Behiring Co., a real estate developer and regional center announced this past Tuesday, February 22nd that they have filed a lawsuit against United States Citizenship and Immigration Services (USCIS), the Department of Homeland Security (DHS) and the Department of State (DOS) in the U.S. District Court of the Northern District of California. The lawsuit claims that federal agencies are overstepping their authority by unilaterally canceling the EB-5 Regional Center Program after June 2021. The plaintiff seeks a court order declaring that the program is unexpired and requiring the DHS and DOS to continue processing EB-5 petitions and visas. Greenberg Traurig, LLP is representing Behiring Co. once again after their victory last year overturning the implementation of the EB-5 Modernization Rule in 2019.

In 1990

Congress created the EB-5 Immigrant Investor Program to provide an opportunity for foreign nationals and their families to become permanent U.S. residents when they invest in businesses that create jobs for American workers.

In 1992

Congress created the Regional Center Program with the intent to help simplify and stimulate EB-5 investment by enabling investors to pool their investments and subscribe to projects pre-approved by USCIS. – A plain reading of the statue demonstrates that Congress established the Regional Center Program as an additional vehicle to facilitate EB-5 investment.

In a separate provision of the same legislation

Congress then created an introductory incentive to attract participants in the form of visa set-aside reserved for Regional Centers that would kick off the new program. This separate incentive was set to expire after 5 years.

For almost 30 years, Congress issued extensions for the set-aside incentive. USCIS has now wrongfully associated the expiration of that temporary incentive as the expiration of the EB-5 RC program as a whole. USCIS is now refusing to process tens of thousands of visa applications after taking in over $47 million in fees from EB-5 regional center investors and their families.

“For years, many people operated under the false pretense that the program was set to expire, and it never made sense — it is unfathomable that Congress would design a program where foreign nationals could invest their life savings in U.S. businesses and pay USCIS millions in application fees only to watch the program self-destruct in the middle of a years-long wait for a visa. But as a plain reading of the statute indicates, the core program was never intended to expire,” said Colin Behring, CEO of Behring Co. “This misinterpretation has had far-reaching effects, as artificial expiration dates create havoc for investors and projects that have an ultimate desire for stability. We are hopeful that the court will order these agencies to continue processing regional center-associated petitions and visa applications, removing 40,000 investors from an unjust position of limbo.”
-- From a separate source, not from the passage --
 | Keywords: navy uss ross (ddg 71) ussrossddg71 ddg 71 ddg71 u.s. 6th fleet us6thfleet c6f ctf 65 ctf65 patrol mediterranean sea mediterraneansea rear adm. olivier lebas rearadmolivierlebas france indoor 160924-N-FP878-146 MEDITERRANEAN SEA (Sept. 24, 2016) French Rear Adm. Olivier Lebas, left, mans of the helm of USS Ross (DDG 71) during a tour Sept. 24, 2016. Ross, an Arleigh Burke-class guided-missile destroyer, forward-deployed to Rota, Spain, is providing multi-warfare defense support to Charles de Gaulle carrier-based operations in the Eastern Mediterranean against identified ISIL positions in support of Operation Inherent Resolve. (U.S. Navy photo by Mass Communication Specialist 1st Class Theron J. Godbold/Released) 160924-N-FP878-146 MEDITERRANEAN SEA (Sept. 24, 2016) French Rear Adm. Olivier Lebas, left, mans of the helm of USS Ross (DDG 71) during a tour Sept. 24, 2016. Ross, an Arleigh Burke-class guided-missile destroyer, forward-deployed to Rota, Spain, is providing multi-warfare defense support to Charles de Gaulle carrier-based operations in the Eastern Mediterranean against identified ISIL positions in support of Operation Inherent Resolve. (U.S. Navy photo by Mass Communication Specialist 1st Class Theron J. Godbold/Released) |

Behring added: “We have long been supporters of positive EB-5 modernization, and we recognize that Congress is in the process of creating meaningful reforms to the program. The simple text of the law and the merits of this case prove the permanency of the Regional Center program. Congress can now squarely focus on reform as there is no need to reauthorize a program that is already permanent. More importantly, if positive reform efforts were thwarted by parties leveraging a fake expiration to hold the fate of existing investors hostage while trying further their own self-interest, that can end now. The initial law’s correct interpretation combined with the commonsense reforms being developed by Congress will restore EB-5 to its position as our country’s most powerful and only fully self-funded economic development program.”
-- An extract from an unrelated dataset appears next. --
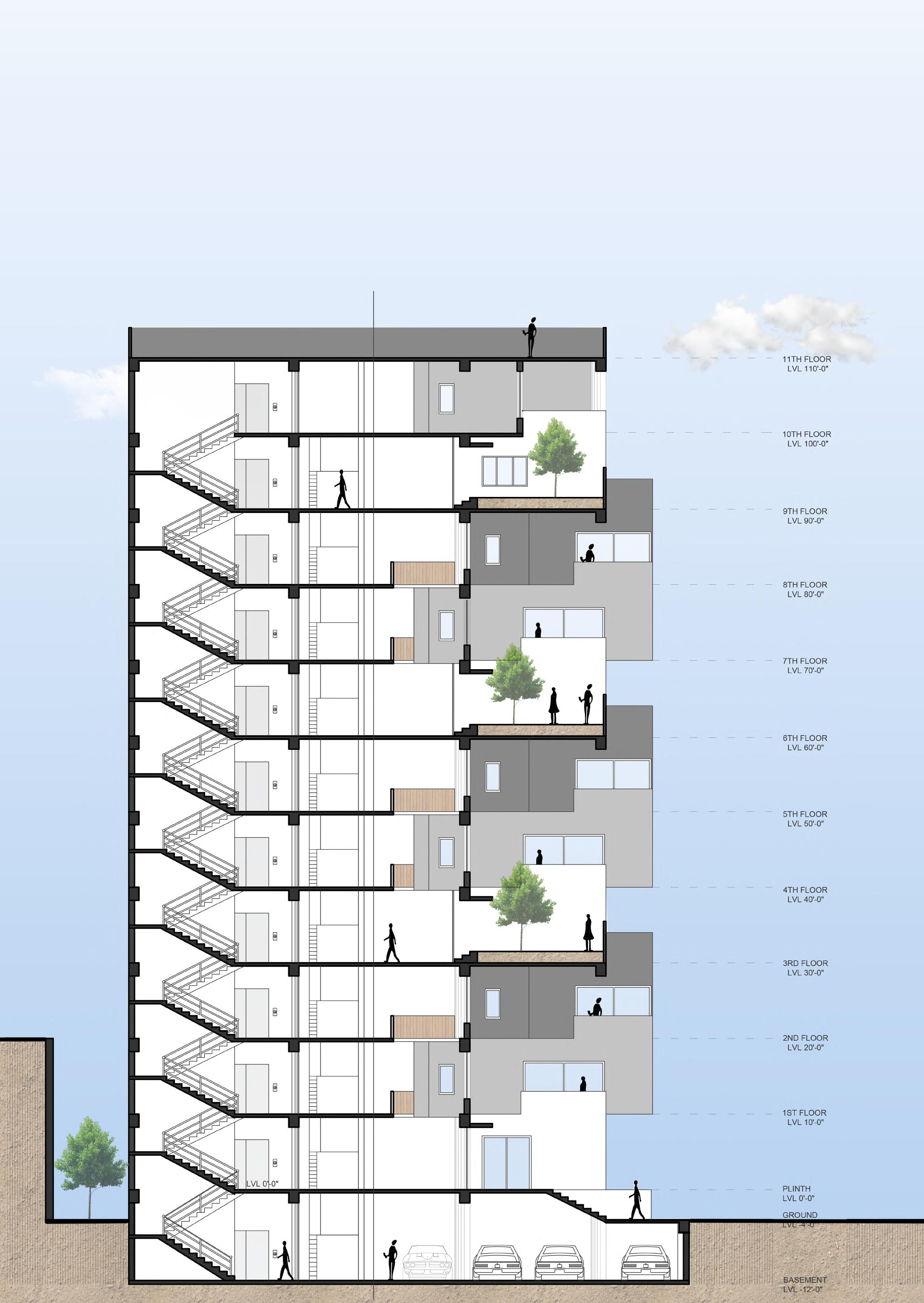 Apartment unit is just a fractional part of building and people to live in a such a limited space can be challenging so the initial idea for the design was to create multiple open spaces throughout the building for interaction among the community.

Since the program’s inception, EB-5 investors have injected more than $41 billion in U.S. projects that have created over 820,000 full-time jobs at no cost to U.S. taxpayers. Besides the Behiring lawsuit USCIS, DHS and DOS are set to receive additional litigation as over 40,000 investors and their families are impacted by their action. Large multiple-investor lawsuits are forming and in search of additional plaintiffs seeking there own injunctive relief, writ of mandamus action and even recovery of unlawfully collected fees under the “Little Tucker Act.”